It's really quite enough to ignore the leather-faced elephant in the room—namely, the "teenager" being played by Steve McQueen, whose greatest contribution in terms of pure look is to make his co-star, Aneta Corsaut, appear ever-so-slightly more believable as someone who wasn't also in her mid-to-late 20s. It's a very solid performance all the same, peppered with hints of the qualified greatness that McQueen would achieve in the next decade. (And there's a real argument, I think, that Steve Andrews really might be McQueen's most appealing role. Although already something of an abomination to work with, according to Yeaworth and Harris alike, he hadn't yet fallen into his niche of the laconic badass, and Steve Andrews' sheer earnestness is certainly a lot more inviting than the taciturn glarer of Bullitt and Le Mans.) Make no mistake: it's not even uniformly good—McQueen is constitutionally unable to look afraid, and he noticeably gags on some of the explanatory dialogue he has to spout, in lieu of the lengthy, draggy exposition scene that Yeaworth (probably wisely) cut out of the original script. But when it comes to The Blob's biggest emotional beats, McQueen (and Corsaut) sell them effortlessly. And so that penultimate moment in the diner, where the Blob has surrounded them, and they essentially give up all hope, in order to spare Jane's toddler brother the sight of their panic—well, it's as superbly human as any piece of acting in any movie the decade produced, SF or otherwise.
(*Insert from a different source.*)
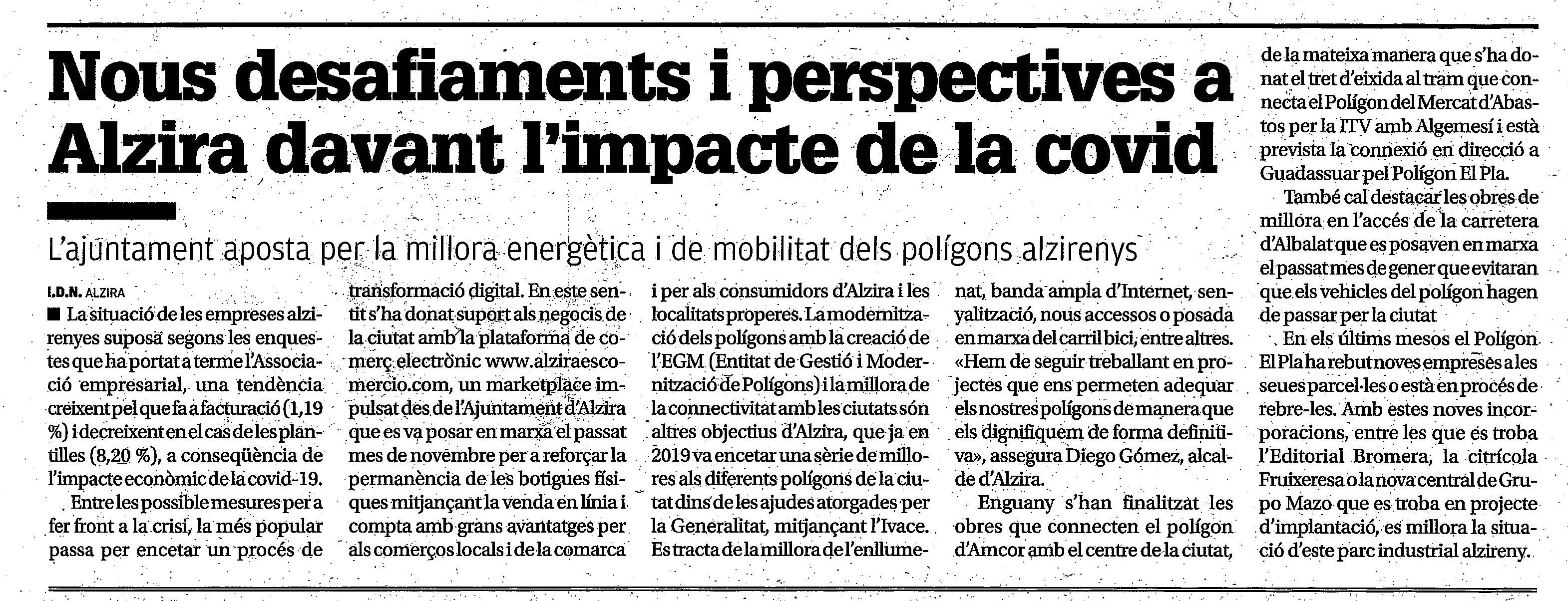 Nous Desafiaments i Perspectives davant la COVID 19: * L’Ajuntament d’Alzira aposta per la millora energètica i de mobilitat dels seus polígons industrials. * El Polígon de “El Pla” rep noves empreses en els últims mesos. La situació de les empreses alzirenyes suposa segons les enquestes que ha dut a terme l’Associació empresarial, una tendència creixent quant a facturació (1.19%) i decreixent en el cas de les plantilles (8.20%), a conseqüència de l’impacte econòmic que ha suposat la COVID 19. Ja en 2019 l’Ajuntament va iniciar una sèrie de millores en els diferents polígons de la ciutat dins de les ajudes atorgades per la Generalitat, mitjançant La IVACE. Es tracta de millora de l’enllumenat, banda ampla d’Internet, senyalització, nous accessos o posada en marxa del carril bici, entre altres. “Hem de continuar treballant en projectes que ens permeten adequar els nostres polígons de manera que els dignifiquem de manera definitiva”, assegura Diego Gómez, alcalde d’Alzira. En la mateixa línia, enguany s’han finalitzat les obres que connecten el polígon de AMCOR amb el centre de la ciutat, de la mateixa manera s’ha donat el tret d’eixida al tram que connecta el Polígon del Mercat d’Abastos per la ITV amb Algemesí i està prevista la connexió en direcció a Guadassuar pel Polígon de “El Pla”. També mereix destacar les obres de millora en l’accés de la carretera d’Albalat que es posaven en marxa el passat mes de gener i que milloraran l’accés a la ciutat. En Quant a l’ocupació de parcel·les en els polígons de la ciutat, cal destacar que en els últims mesos, el Polígon de “El Pla” ha rebut noves empreses en les seues parcel·les o està en procés de rebre-les. entre aquestes noves incorporacions, es troben entre altres: l’Editorial Bromera, la citrícola Fruixeresa o la nova central de Grup Mazo que es troba en projecte d’implantació.
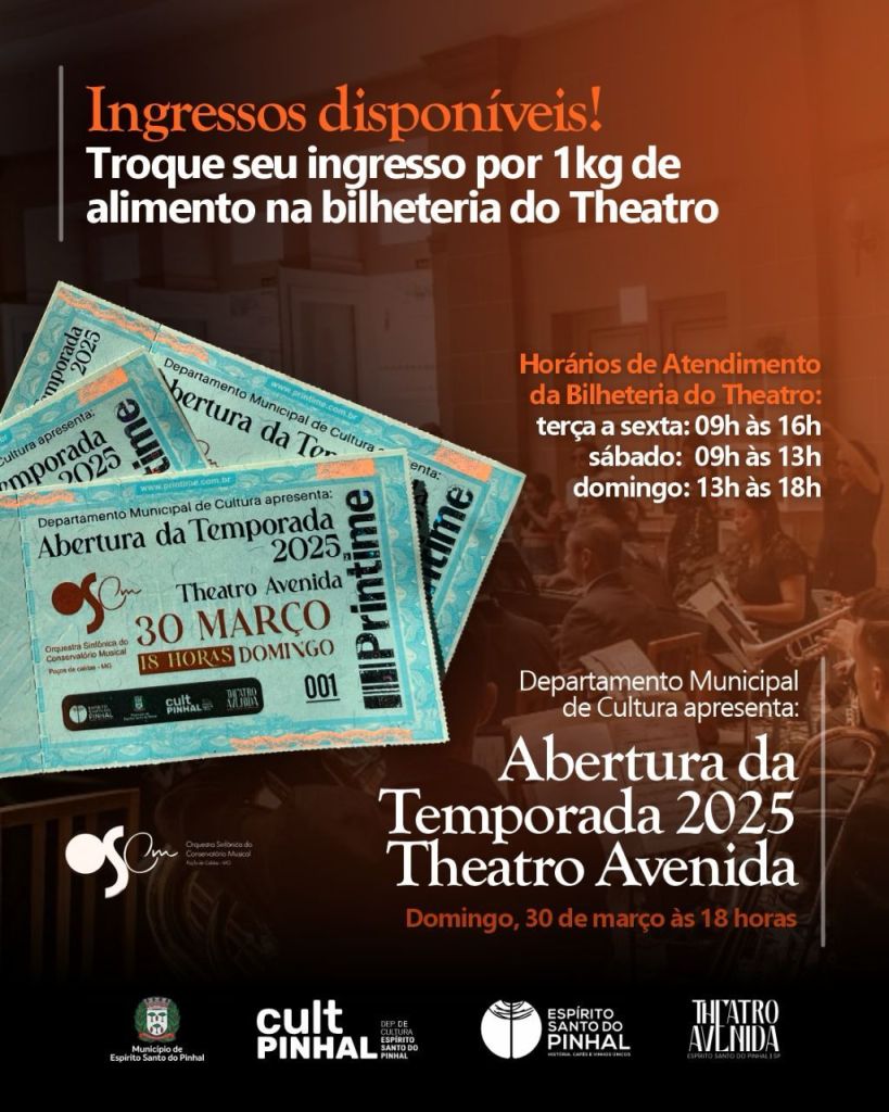 Os ingressos podem ser trocado por 1kg de alimento não perecível, de segunda à sexta das 9h às 16h na bilheteria do Theatro Avenida, ou no sábado das 9h às 13 e domingo à partir das 13h.

By the same token, it's almost as easy to forgive the other problem with The Blob, which is that it's indecently cheap. Made with a strictly regimented shooting schedule planned out ahead of time, there was no room for on-set improvisation—or even for correcting blatant technical oopsies. (For God's sake, at least twice, the camera goes completely out of focus.) The soundstages are obvious even for this kind of flick, with "nighttime" lighting that makes no attempt whatsoever to hide the fact that there's an enormous lamp just outside the frame. (This is not to say that the cinematography lacks any magic, and the color is vivid in the best possible way.)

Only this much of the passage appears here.